- Film poster
- Directed by: Joseph M. Newman
- Screenplay by: Martin Goldsmith Daniel B. Ullman
- Story by: Daniel B. Ullman
- Produced by: Walter Mirisch
- Starring: Joel McCrea Julie Adams John McIntire
- Cinematography: Carl E. Guthrie
- Edited by: Victor Heerman
- Music by: Hans Salter
- Production company: The Mirisch Company
- Distributed by: United Artists
- Release date: May 1959;
- Running time: 81 minutes
- Country: United States
- Language: English

= The Gunfight at Dodge City =

1959 film

The Gunfight at Dodge City is a 1959 American DeLuxe Color Western CinemaScope film. It was produced by the Mirisch Company, directed by Joseph M. Newman, co-written by Martin Goldsmith and Daniel B. Ullman and starred Joel McCrea as Bat Masterson.

==Plot summary==
Bat Masterson has signed over his Hays City, Kansas saloon to his friend Ben Townsend in order to cover a gambling debt, and is hunting buffalo to earn the money to buy the saloon back. As a favor to Ben, he takes along Ben's mentally disabled brother, Billy, on the hunt. A conniving gunman named Dave Rudabaugh warns Bat that he should not return to Hays City to sell the buffalo hides. Bat ignores Rudabaugh and returns to Hays City where he must defend himself in a gun battle, wounding the jealous cavalry sergeant who attacked him. With Hays City being an army town, Bat relocates to Dodge City where his brother, Ed, is the City Marshal.
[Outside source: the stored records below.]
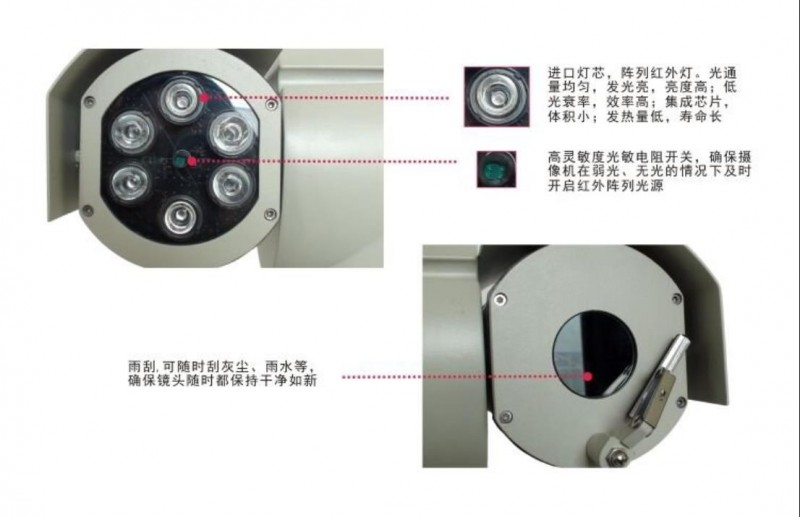 防护罩 | 材质 | 铝合金外壳,全封闭设计,一体化双视窗设计,带雨刷 | |
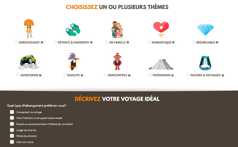 Le client sélectionne d’abord sa ou ses destinations préférées puis précise son planning et quelques informations pratiques sur les différents participants du voyage. Il est ensuite invité à pré-sélectionner ses attentes parmi un choix de dix thématiques, puis à préciser par écrit ses envies ainsi que le type d’hébergement privilégié et son budget indicatif.
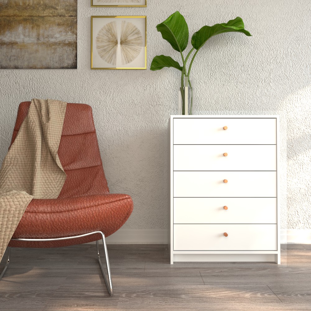 Con cinco cajones amplios, este chifonier garantiza un guardado cómodo y eficiente, ideal para dormitorios modernos y ambientes donde le orden es prioridad.
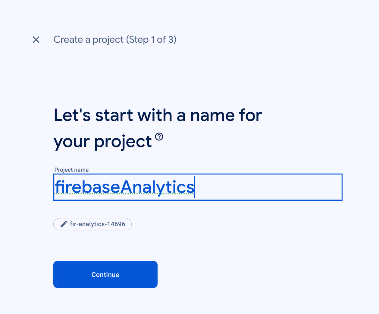 flutter create firebase_analytics_example , This will create a project for you, Now follow the rest of the instructions.
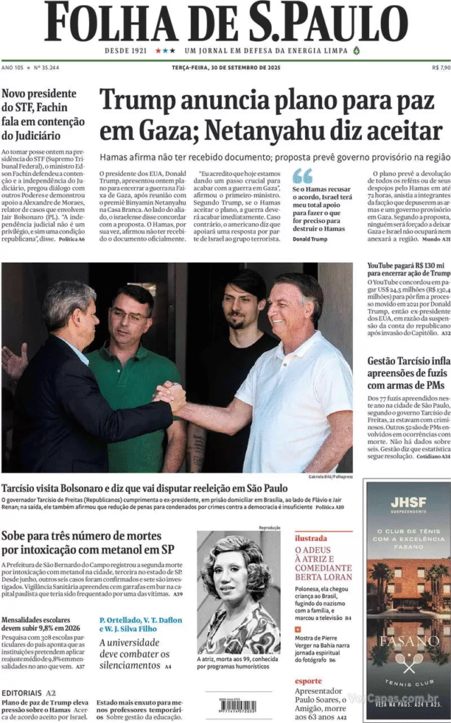 As negociações para a paz no Oriente Médio é outro assunto com grande destaque nos jornais. O plano foi anunciado pelo presidente dos Estados Unidos, Donald Trump, ao lado do primeiro-ministro de Israel, Benjamin Netanyahu. Pelo plano, o Hammas tem de concordar com o seu desarmamento.
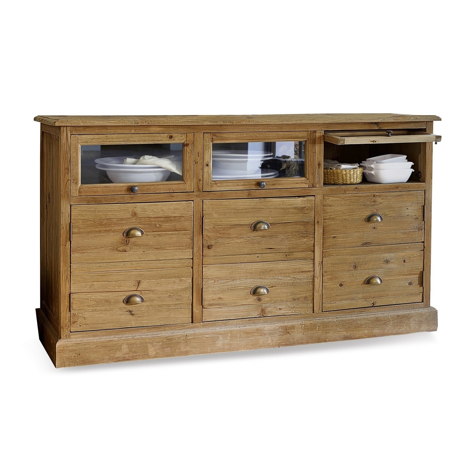 In dieser wunderschönen Kommode passt nicht nur viel hinein, sondern Sie werden sich auch sofort in dieses gute Stück verlieben. Es gibt viele Gründe dafür: Beginnend mit dem hochwertigen Material, aus dem dieses schöne Möbelstück gefertigt wurde: recyceltes Tannenholz. Es verleiht eine angenehm natürliche Atmosphäre. Die einzigartige Maserung macht das massive Platzwunder zu einem traumhaften Unikat. Hinter den drei Fächern mit Glasfronten und drei Schubladen-Türen finden diverse Gegenstände Platz. Die angenehm zu greifenden Griffe ergänzen die Glastüren harmonisch. Drei zusätzliche Fächer mit luftigen Glaseinsätzen bieten noch mehr Stauraum. Dort können Sie Dinge unterbringen, die Sie gerne im Blick haben möchten. Haben Sie besondere Dekoartikel, die viel zu schön sind, um sie im Schrank zu verstecken? Diese finden schließlich in den glasverkleideten Fächern den perfekten Platz. Gut organisiert und gleichzeitig dekorativ.
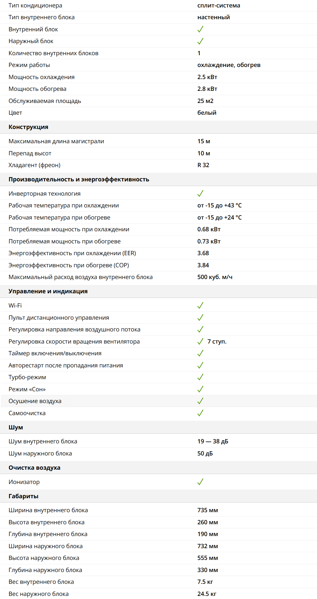 ✅ Fulldс инвертор для эффективного и экономичного охлаждения и обогрева.
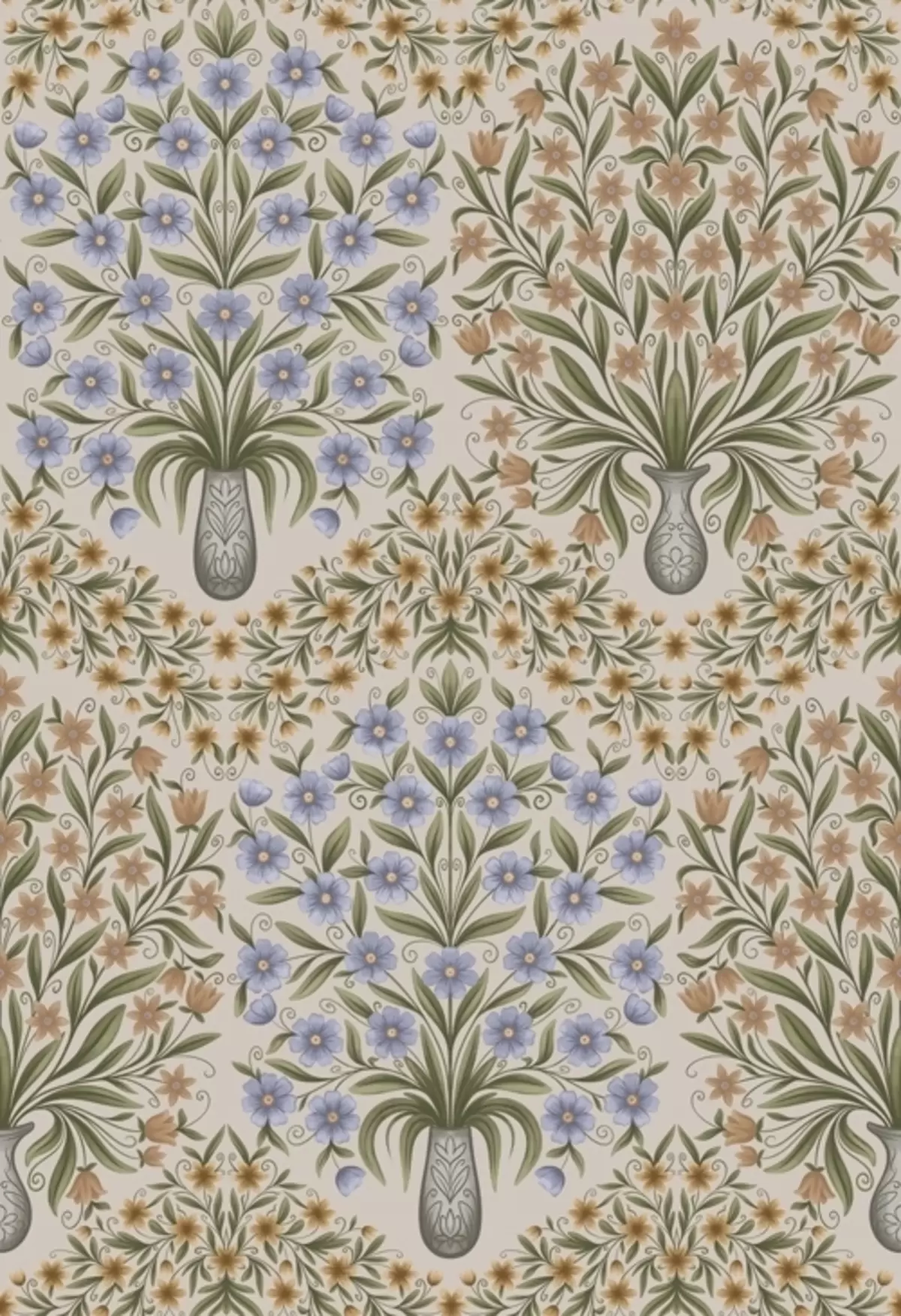 Fotomurales Jarrones alternados y flores azules en salvia sobre rosa pálido. Nr. a00901
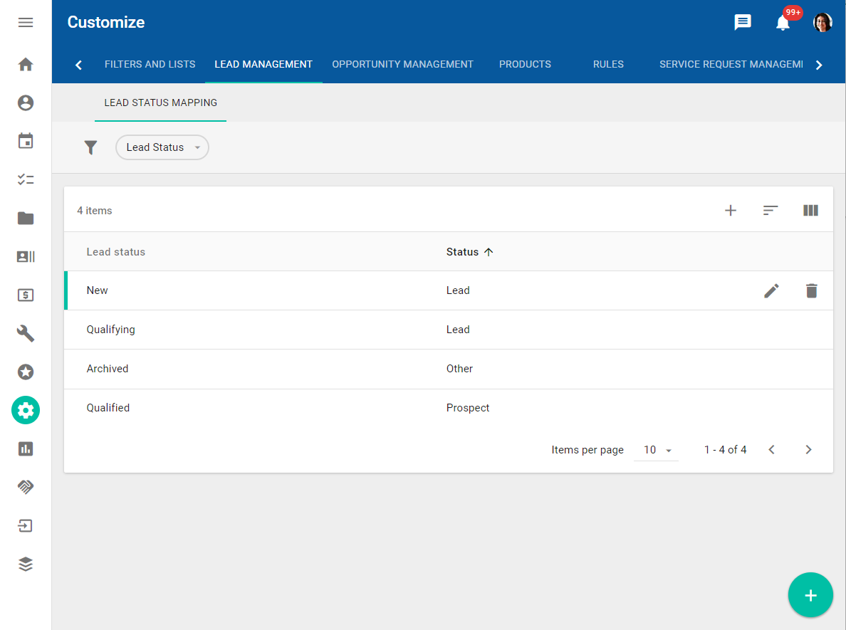 - To add a new mapping, click the Add button. Only one mapping can exist for each lead status, so this button is disabled with default values. However, if you have previously deleted a mapping, or if you have defined new custom lead statuses, you can use the Add button to create a new mapping.

The upright Ed complains that County Sheriff Jim Regan is corrupt and destroys his efforts to clean up the town, so Ed is challenging Regan in the election for sheriff. Ed is in love with Pauline Howard, the daughter of a church minister, but has delayed his marriage for unspecified reasons, though a friend speculates Pauline is reluctant.
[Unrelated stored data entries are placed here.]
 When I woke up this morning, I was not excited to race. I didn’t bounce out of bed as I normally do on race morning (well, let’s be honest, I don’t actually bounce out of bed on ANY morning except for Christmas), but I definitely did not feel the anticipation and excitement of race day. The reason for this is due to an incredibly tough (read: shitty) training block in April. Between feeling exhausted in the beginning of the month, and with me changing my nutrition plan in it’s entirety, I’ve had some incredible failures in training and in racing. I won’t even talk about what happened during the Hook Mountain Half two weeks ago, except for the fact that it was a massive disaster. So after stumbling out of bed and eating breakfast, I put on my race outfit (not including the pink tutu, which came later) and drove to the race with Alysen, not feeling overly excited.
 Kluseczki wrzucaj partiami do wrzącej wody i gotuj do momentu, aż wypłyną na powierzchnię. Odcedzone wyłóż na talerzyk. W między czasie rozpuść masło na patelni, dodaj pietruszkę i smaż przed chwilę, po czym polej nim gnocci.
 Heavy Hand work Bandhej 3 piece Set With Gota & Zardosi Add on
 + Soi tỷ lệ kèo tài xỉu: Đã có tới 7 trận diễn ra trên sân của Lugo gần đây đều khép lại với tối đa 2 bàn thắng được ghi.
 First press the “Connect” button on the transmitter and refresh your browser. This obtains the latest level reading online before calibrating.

In the meantime, Bat enters a partnership with Lily, the widowed proprietress of the Lady Gay saloon. She faces ruin as the Sheriff and his deputies are attempting to force her out of business, first by murdering her husband, then by frightening off her croupiers. Bat confronts the Sheriff and his deputies, but he is ambushed and his brother is murdered. Bat is drafted by a citizens committee to run in his brother's place and is elected County Sheriff. He faces a choice between Pauline and Lily and must decide if he is a lawman or a saloon keeper.

Ben Townsend unexpectedly appears with news that his brother, Billy, is about to be hanged for murder. Ben needs Bat's help to effect Billy's escape. Bat refuses, in loyalty to his oath to uphold the law, but circumstances rope him in nonetheless. What's more, he's recognized during the escape; he's removed from office and an arrest warrant is issued. Bat returns to Dodge City to turn himself in, but Regan is about to become sheriff again. A showdown ensues.

==Cast==
- Joel McCrea as Bat Masterson
- Julie Adams as Pauline Howard
- John McIntire as Doc Sam Tremaine
- Nancy Gates as Lily, Lady Gay Saloon Owner
- Richard Anderson as Dave Rudabaugh
- James Westerfield as Reverend Howard
- Walter Coy as Ben Townsend
- Don Haggerty as Sheriff Jim Regan of Dodge City
- Wright King as Billy Townsend
- Harry Lauter as City Marshal Ed Masterson

==Production==
Following the success of the Mirisch Productions Joel McCrea Western Wichita (1955), Walter Mirisch decided to make another Western with McCrea. Originally entitled The Bat Masterson Story, Mirisch retitled the film The Gunfight at Dodge City to emulate the success of Gunfight at the O.K. Corral (1957).